The stock markets have had their best rally since December and the S&P 500 has added 2.1 percent in the past 5 trading sessions. However trading volume is at the lowest level since 2008 and mutual fund companies are undergoing significant withdrawals. An average of just 6.69 billion shares have been traded over the past 50 days which is the lowest on record over the past 3 years.
Market Timing Indicator – Low Volume
While not a true market timing indicator, low volume does have a history of supporting rallies. Thinly traded markets have a tendency to rise higher than they normally would. This could explain the decent rally the markets have undergone. The lack of investor conviction in the market also tends to support moves higher.
Little Bearish News
There also has been a lack of bearish news which has assisted those traders in this rally.
Despite the Greek “technical” default as they try to work out how many billions of dollars bond holders will lose, the impression that many investors have, aside from George Soros, is that Europe will weather their debt crisis and aside from Greece there will be no further defaults. Little has been said recently about Ireland which is in a terrible mess and will definitely see higher unemployment and no growth again in 2012. But as long as the news out of Europe is not “worse” it seems that investors are content to keep pushing stocks higher.
George Soros on the other hand is very bearish on the Euro and the European Debt Crisis in general.
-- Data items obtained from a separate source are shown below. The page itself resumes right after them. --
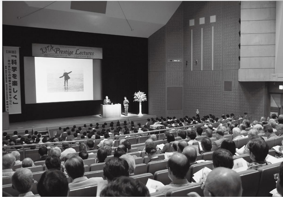
《過去の講演写真です》

幸田プレステージレクチャーズは、世界を震撼させる技術を開発されたトップ技術者や世界経済に大きな影響を与えておられるトップ経営者の皆さまを幸田町にお招きし、自らのご経験をもとに、革新的技術、日本や世界の経済情勢、企業の経営哲学、将来の夢などをお話しいただくことで、近隣地域を含め住民の皆さまや企業従事者の皆さまに広い視野をもって地域や日本の将来を考えていただく機会として開催する講演会です。
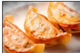
人気餃子王 包王 「牛とん包」
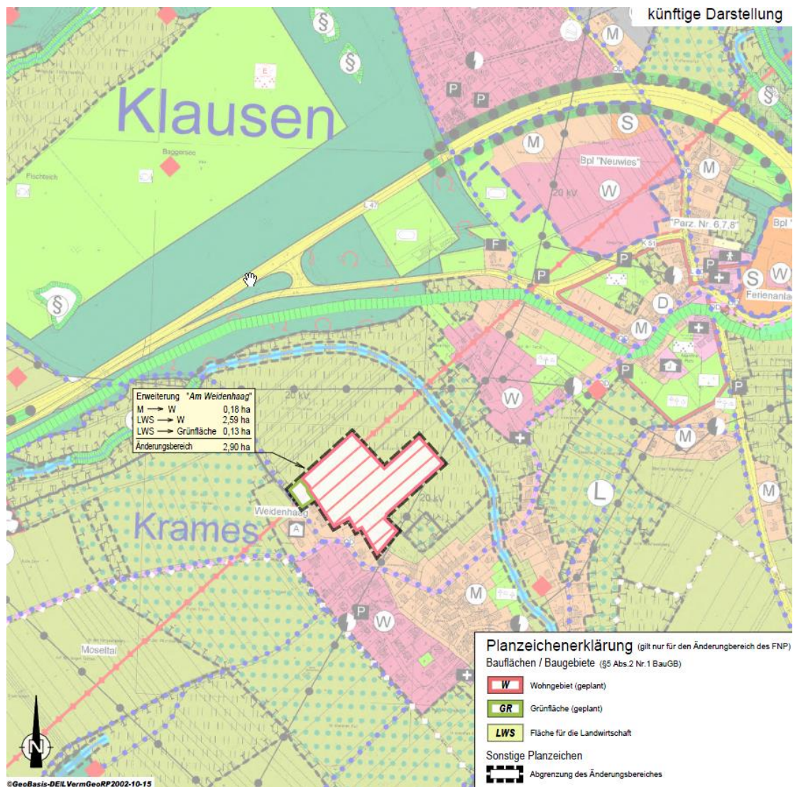
Abbildung 1: Flächennutzungsplan, Ortslagenausschnitt Klausen
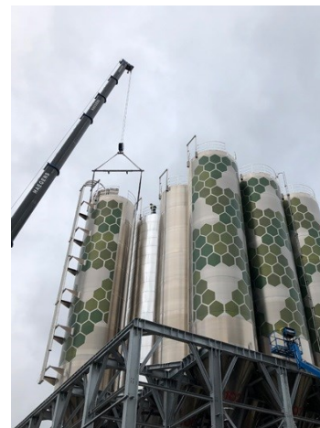
De plaatsing van de silo's van Katoennatie te Nuth: met de groene stippen (bedrijfslogo) vallen ze minder op in het landschap.

Het Geleenbeekdal en hoge silo's vinden wij ook geen geslaagde combinatie. Katoennatie, gevestigd op het bedrijventerrein de Horsel in Nuth, beschikte al over vele silo's. Het voorstellen om 60 silo's van meer dan 30 meter hoog erbij te plaatsen kon ons niet bekoren. Bij de toenmalige gemeente Nuth had men daar geen bezwaar tegen. Wij maakten ons ongehoord kenbaar bij B&W en de gemeenteraad. Er verscheen een artikel in De Limburger. Het bleek dat meer mensen vonden dat deze silo's niet in het landschap van het Geleenbeekdal passen.
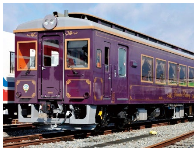
「カシオペア」貸切の「三陸鉄道」と三陸で漁師さんのお仕事見学（岩手県）
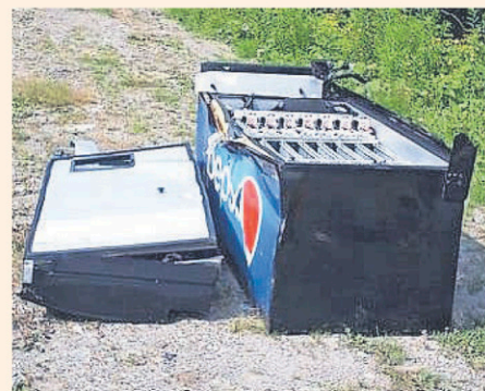
La distributrice a été retrouvée démembrée le dimanche.

« Il l'a retrouvée complètement démolie sur sa terre à bois. Ça représente environ 200$. C'est se donner du mal pour pas grand-chose, juste pour mal faire. Ce ne sont sûrement pas des jeunes puisqu'il fallait un pick-up pour la transporter et
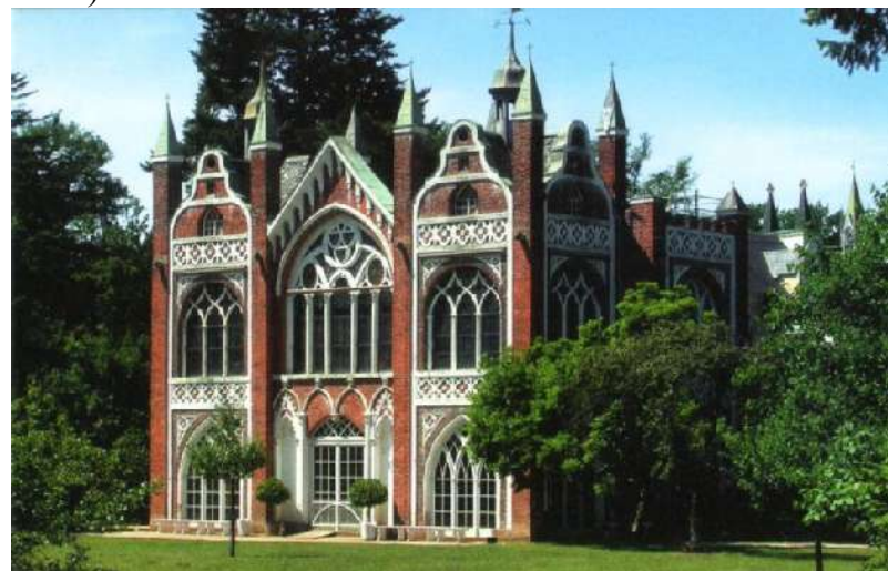
la Gotika Domo

Tiam ni vizitis la ĉefan kastelon. Nun ni volas viziti la Gotikan Domon. Ĝi estis la rifuĝejo de princo Franz ( pron. Franc ), kie li povas okupiĝi pri pomologio en la trankvilo de la naturo. Alia interesa unikaĵo de la Gotika Domo estas la pentraĵaj fenestroj. Ili estas bildrakonto pri la svisa historio. Princo Franz akiris la artajn vitraĵojn, kiam oni forigis ilin el la preĝejoj de Svisio. Multaj svisoj vizitas la parkon por vidi tiujn unikaĵojn. Maldekstre vi vidas bildon de la Gotika Domo, kiel ĝi aspektas de la ĝardena flanko (Tudor-gotika stilo). La alia flanko montras malsaman gotikan stilon (italan gotikon). La arkitekto Erdmannsdorf konstuis kelkajn tiajn diversflankajn konstuaĵojn (ekz. la Someran Salonon ĉe la kastelo aŭ la gastdomon en la parko Georgium en Dessau). Venu al Vorlico por ĝui kun ni tiun unikan parkon. En la jaro 2000 UNESCO deklaris la parkon Mondkulturan Heredaĵon

Perhaps he is short Euro bonds or the Euro and has been disappointed by the non-collapse of the Euro to date.
At any rate, market timing technical indicators are improving for European markets and the Euro VS the US Dollar.
Let’s look at today’s Market Timing Indicators and see what they are telling us about the market direction.
Market Timing / Market Direction For Jan 23 2012
Today market timing indicators are not changed much from Friday. The momentum market timing indicator remains stable but is not moving higher. Nonetheless this could be the result of the lack of buying I mentioned earlier.
MACD is grinding slowly higher but by very small degrees. But looking at the histogram, the rally has been a grinding process for many sessions now and the histogram still does not indicate any serious change in market direction yet.
The ultimate oscillator market timing tool is still overbought but not to a large degree and remember that overbought conditions can last a long time in a rally.
The rate of change is not overly bullish but it is not bearish either.
Finally the fast and slow stochastics are the two market timing indicators that right now are warning that the rally could be stalling out. Their readings are very high which in past rallies have been warning signs that the market direction is about to change. However markets can drift sideways for a number of sessions and low stochastic readings without the market direction actually tumbling.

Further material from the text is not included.